To improve regional collaborative governance, this study suggests the following policies. First, stronger cross-regional coordination and better policy alignment are needed. Setting common environmental standards, like shared pollution control targets, carbon pricing rules, and joint monitoring systems, can make policies more consistent and reduce differences between provinces. Regional emissions trading systems (ETS) and coordinated tax incentives can also help local governments work toward common sustainability goals. In addition, stronger environmental agreements and legal rules across regions can create a binding system for cooperation, ensuring stable policies and effective enforcement over time.

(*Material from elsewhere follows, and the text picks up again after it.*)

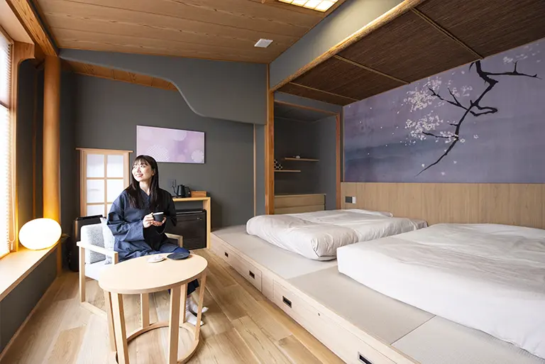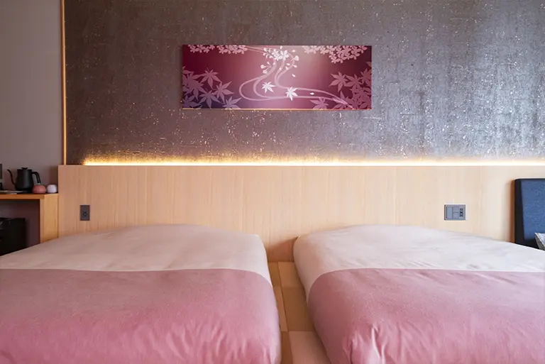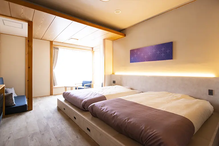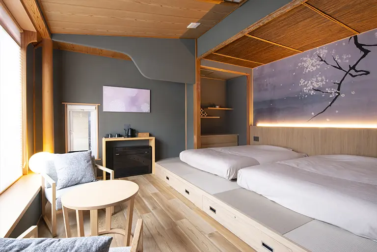 本旅館客房結合了日本古典的「色彩語言」與和服文樣,並以栗駒山麓和祭畤山的自然景觀及四季為主題。
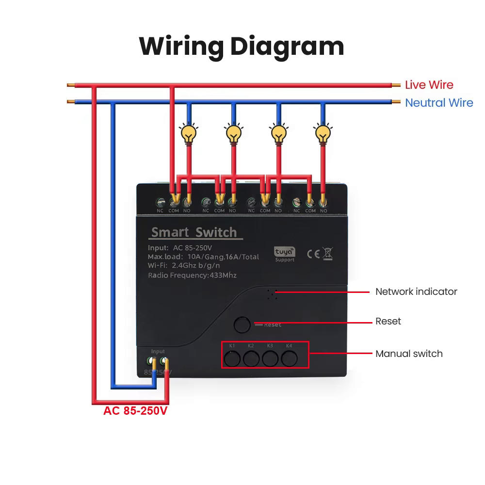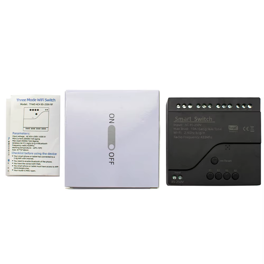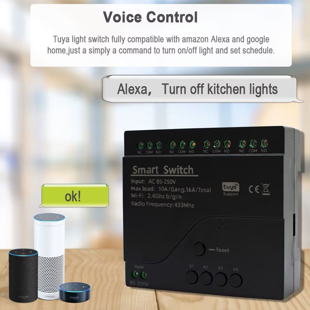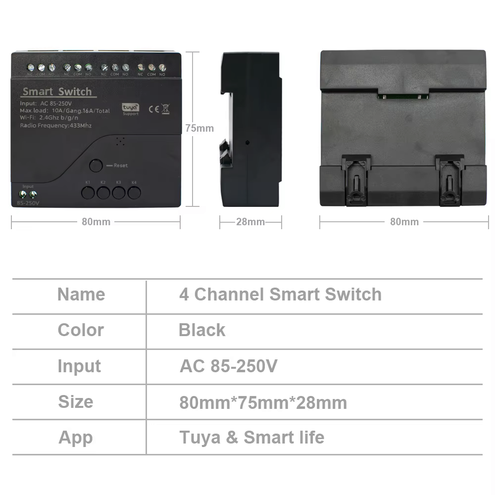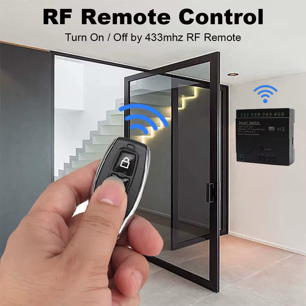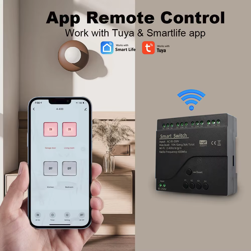 * App Support: Free iOS and Android Smart Life/Tuya Smart mobile app. * Sync Status: Real-time device status provided to the app. * Remote On/Off: Turn 4 electrical appliances on/off remotely from anywhere. * RF Remote Control: Turn on/off with a 433MHz RF remote control inside, only supports 433MHz learning code. * Working Modes: 4CH switch between interlocking/self-locking/inching modes. * Independent Control: Control each gang separately in the Tuya app. * Supports remotely turning on or off connected devices, such as lights, electric kettles, electric rice cookers, electric curtains, etc. * Timing: Supports 8 countdown/single/repeat tasks to turn on/off at a specified time. *DIN rail mounting: ideal for industrial control. *Voice control: fully compatible with Alexa, Google Home, and Google Nest. *Share control: control your smart home with your family.

Second, speeding up the green transition in industry and energy is key. Governments should support industrial upgrades with clear green transition plans for each sector. They can offer financial help, like low-interest green loans, subsidies for clean technology, and tax breaks for businesses using low-carbon solutions. A regional green supply chain should be built to promote cleaner production and low-carbon transportation across cities. In the energy sector, improving regional power grid connections and clean energy trading can help distribute renewable energy more effectively, cutting reliance on fossil fuels. More investment in smart grids, energy storage, and local energy systems should also be a priority to improve efficiency.
Third, stricter environmental rules and better technology can make governance more effective. Real-time monitoring using big data, satellite sensing, and AI-powered pollution tracking can help detect problems early and enable policymakers to take swift action. Governments should also require companies to disclose environmental performance, encouraging greener production. More funding should go toward research on carbon capture, advanced emission reduction, and circular economy models to ensure technology plays a key role in sustainability.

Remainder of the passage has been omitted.